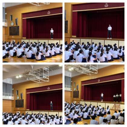 本日の全校集会で、生徒会専門委員会報告がありました。前期の生徒会がそれぞれの委員会で決定した月の目標を全校生徒に伝えました。それぞれの目標が達成できるように協力をおねがいします。
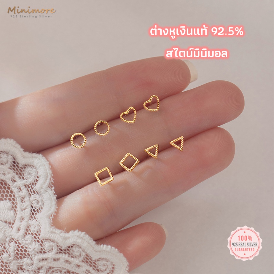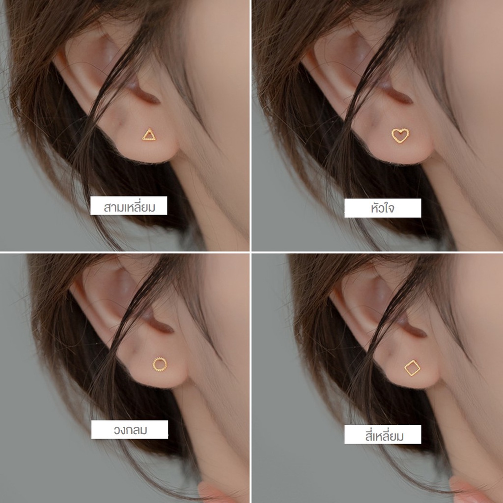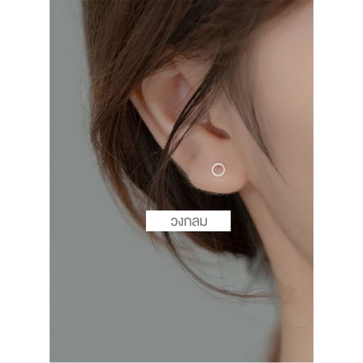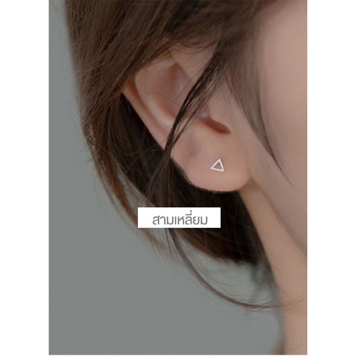 [SE137]🌟ต่างหูเงินแท้ 92.5% 🌟 ต่างหูรูปเรขาคณิตมี 4 แบบ แนวเกาหลี มินิมอล ใส่ติดหูได้ทุกวัน
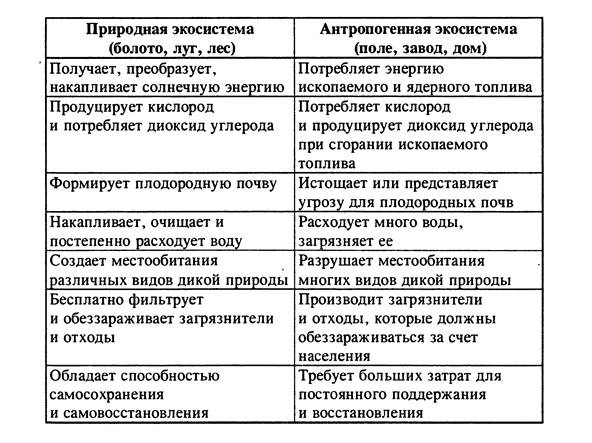 2 Антропогенные и природные экосистемы. Сходство и различие этих систем
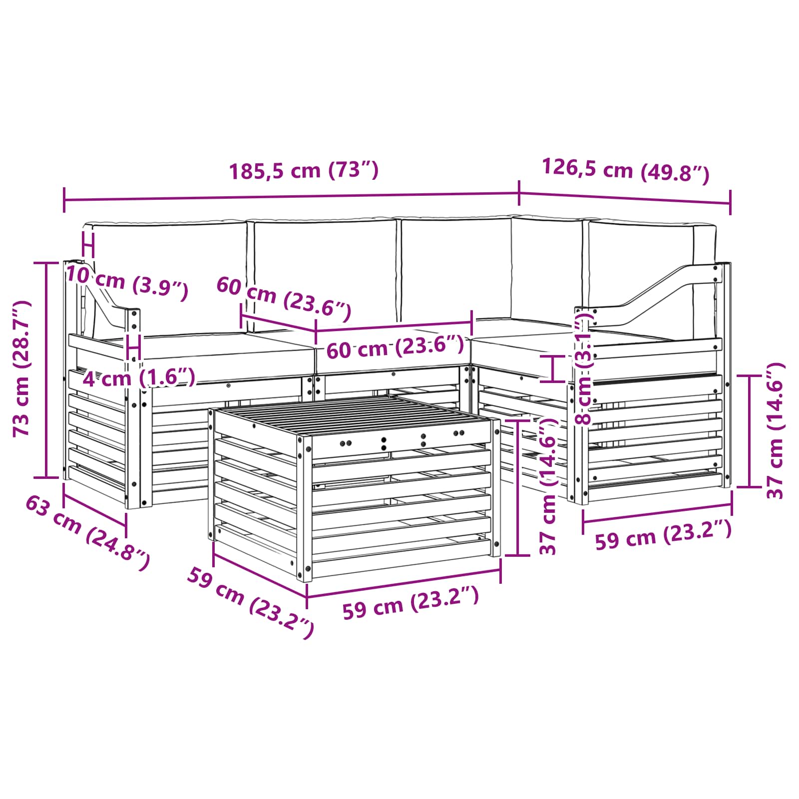 - 3 x canapea din mijloc: 63 x 59 x 73 cm (LxWxH)
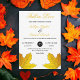 This elegant fall wedding invitation is perfect for a modern autumn wedding. The simple design features gold falling maple leaves with elegant black and gold typography on a white background
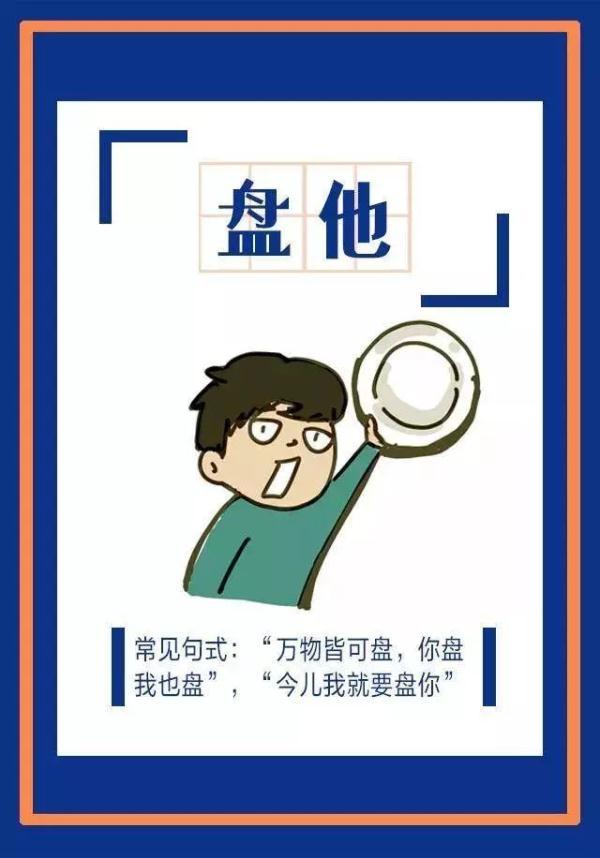 来源于相声《文玩》,在相声里有一句“干干巴巴的,麻麻赖赖的,一点都不圆润,盘他!”在网络流行词中,喜欢一个人可以用“盘他”,表示喜爱想把其捧在手心反复揉捏,讨厌一个人可以用“盘他”,表示类似“怼他”“揍他”的意思,不爽时也可以说“盘他”,反正甭管是啥,盘他!

■ ■ ■

#### Exercise goal
Say again, word for word, every line from the one with "This elegant fall" through the last line of the data above, minus the pictures.

#### Exercise output
 This elegant fall wedding invitation is perfect for a modern autumn wedding. The simple design features gold falling maple leaves with elegant black and gold typography on a white background
 来源于相声《文玩》,在相声里有一句“干干巴巴的,麻麻赖赖的,一点都不圆润,盘他!”在网络流行词中,喜欢一个人可以用“盘他”,表示喜爱想把其捧在手心反复揉捏,讨厌一个人可以用“盘他”,表示类似“怼他”“揍他”的意思,不爽时也可以说“盘他”,反正甭管是啥,盘他!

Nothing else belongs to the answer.